Use this property to specify log levels from individual packages. Packages that are not configured individually inherit the logging level of the logging.level.root property.

Property logging.file

Default

none

Required

no

Conflicts with

none

Valid values

string (file path)

Use this property to specify where you want to store your logging file. Specifying a file leads to both, logging to standard output and the file.

File output creates an auto-rotating file with 10 MB file size each.

Configuration example

logging:
  level:
    root: WARN
    com.eccenca.elds.backend: DEBUG
    org.springframework: INFO
  file: /var/logs/dataplatform.log
CODE

Application logging with Logback

Logging for DataPlatform can also be configured with Logback, which, for example, allows a more granular control on file rolling strategies. For further information on configuration options, refer to the Logback’s Configuration manual section and the Spring Boot’s Configure Logback for Logging manual section.

Property logging.configuration

Default

none

Required

no

Conflicts with

none

Valid values

string (file path)

Use this property to specify where the Logback configuration is located.

Configuration example

logging:
  configuration: ${ELDS_HOME}/etc/dataplatform/logback.xml
CODE

The following example logback.xml file defines a rolling file strategy where files are rotated on a time base (1 day) with a limit of 7 files, which means that the logging files contain a log history of a maximum of 1 week.

<?xml version="1.0" encoding="UTF-8"?>
<configuration>
  <appender name="TIME_BASED_FILE" class="ch.qos.logback.core.rolling.RollingFileAppender">
    <file>/opt/elds/var/log/dataplatform.log</file>
    <rollingPolicy class="ch.qos.logback.core.rolling.TimeBasedRollingPolicy">
      <!-- daily rollover, history for 1 week -->
      <fileNamePattern>/opt/elds/var/log/dataplatform.%d{yyyy-MM-dd}.log</fileNamePattern>
      <maxHistory>7</maxHistory>
    </rollingPolicy>
    <encoder>
      <pattern>%d{yyyy-MM-dd HH:mm:ss} [%thread] %-5level %logger{36} - %msg%n</pattern>
    </encoder>
  </appender>
  <logger name="com.eccenca" level="INFO">
    <appender-ref ref="TIME_BASED_FILE" />
  </logger>
</configuration>
CODE

Audit trail logging

DataPlatform is able to log the access of each user to named graphs in form of an audit trail log under the logger name audit.

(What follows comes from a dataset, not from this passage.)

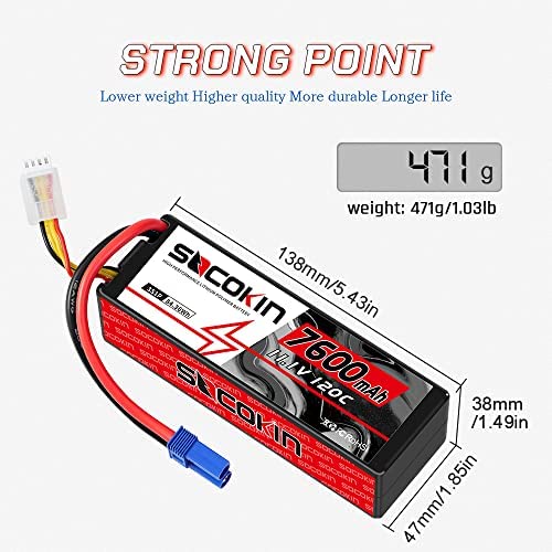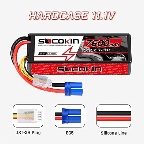 Compatibility–11.1V 120C 7600mAh Hard Case Lipo Battery with EC5 Connector is designed for RC airplane,RC vehicles,RC boat.Such as hobby models:1/8 and 1/10 rc car,Arrma,Slash X-Maxx, Traxcas Slash, Emaxx, Bandit, Rustler version, Losi,Team Associated,HPI Strada XB 1/10 RTR Electric Buggy,Axial, Tamiya, Duratrax, Jammin, Redcat Racing, Exceed RC, ElectrixRC, Emaxx, Bandit, Rustler version,etc.(Only if the voltage, dimension and the plug match, then it will fit).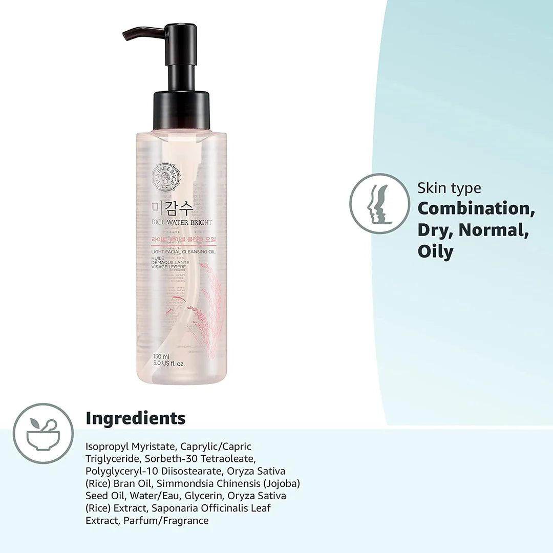Recommended for: All skin types, particularly effective for dull and dehydrated skin. Enjoy a luxurious cleansing experience with The Face Shop Rice Bright Rice Light Facial Cleansing Oil 150ml and reveal your skin's natural radiance.

Audit trail logging configuration

  • auditTrail
    • enabled
    • auditedGraphs

Property auditTrail.enabled

Default

false

Required

no

Conflicts with

none

Valid values

Boolean

Use this property to enable logging of read and write access to every graph access. If auditTrail.auditedGraphs is specified, only those graphs are logged.

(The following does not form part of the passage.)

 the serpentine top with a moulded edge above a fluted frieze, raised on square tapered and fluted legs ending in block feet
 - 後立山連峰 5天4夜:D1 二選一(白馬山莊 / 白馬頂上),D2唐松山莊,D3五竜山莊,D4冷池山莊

Note: If audit trail logging is enabled, RDF upload over the Graph Store Protocol interface is limited to triple formats. Any attempt to upload a quad format results in an HTTP 415 error.

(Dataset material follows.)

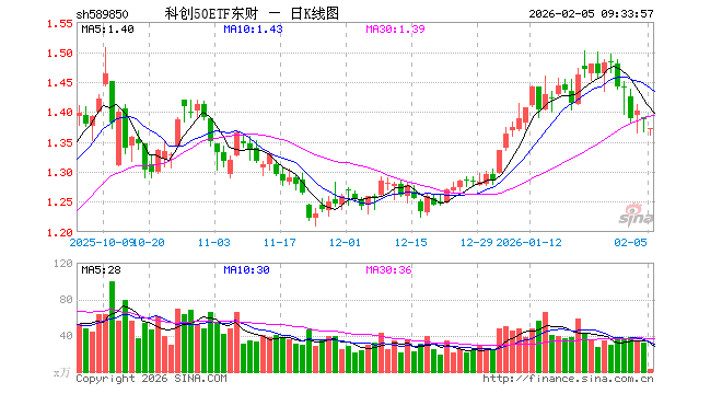 2月5日,科创50ETF东财(589850)开盘跌1.15%,报1.371元。科创50ETF东财(589850)重仓股方面,中芯国际开盘跌1.61%,寒武纪跌1.68%,海光信息跌2.11%,澜起科技跌5.28%,中微公司跌2.64%,金山办公跌1.32%,联影医疗涨0.04%,拓荆科技跌3.47%,芯原股份跌4.04%,沪硅产业跌1.28%。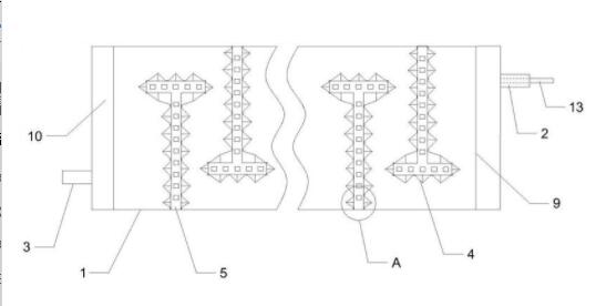 本实用新型公开了一种医疗污水三维吸附消毒装置,包括反应池体,进水管,出水管,活性炭多孔纤维材料组件,框架,活性炭多孔纤维材料片,支撑片,压条,进水挡板,溢流槽,出气孔,曝气装置,消毒管,反应池体右侧壁设有进水管和消毒管,左侧壁设有出水管;反应池体内设有多个活性炭多孔纤维材料组件;所述活性炭多孔纤维材料组件包括“T”型的框架和活性炭多孔纤维材料片;框架表面设有多个支撑片,活性炭多孔纤维材料片覆盖在支撑片末端上,在任意相邻两片支撑片之间还设有压条。本实用新型结构简单,维护方便,可针对低标准建设的小型污水处理设施,尤其是小型分散医疗污水的消毒处理,具有很好的推广应用前景。

Property auditTrail.auditedGraphs

Default

none

Required

no

Conflicts with

none

Valid values

Boolean

Use this property to specify graphs whose read and write access you want to be logged. Omit this value to log access to all graphs.

Configuration example

auditTrail:
  enabled: true
  auditedGraphs:
  - "example.org/data"
  - "aksw.org"
CODE

Audit log output structure

1999-03-14 13:37:08.015  INFO 80085 --- [nio-9090-exec-2] audit : Graph access: user=urn:user, action=read, graph=urn:graph
CODE

As shown in the log output example above, every log contains the users’ URI, the action (read or write) and the affected graphs.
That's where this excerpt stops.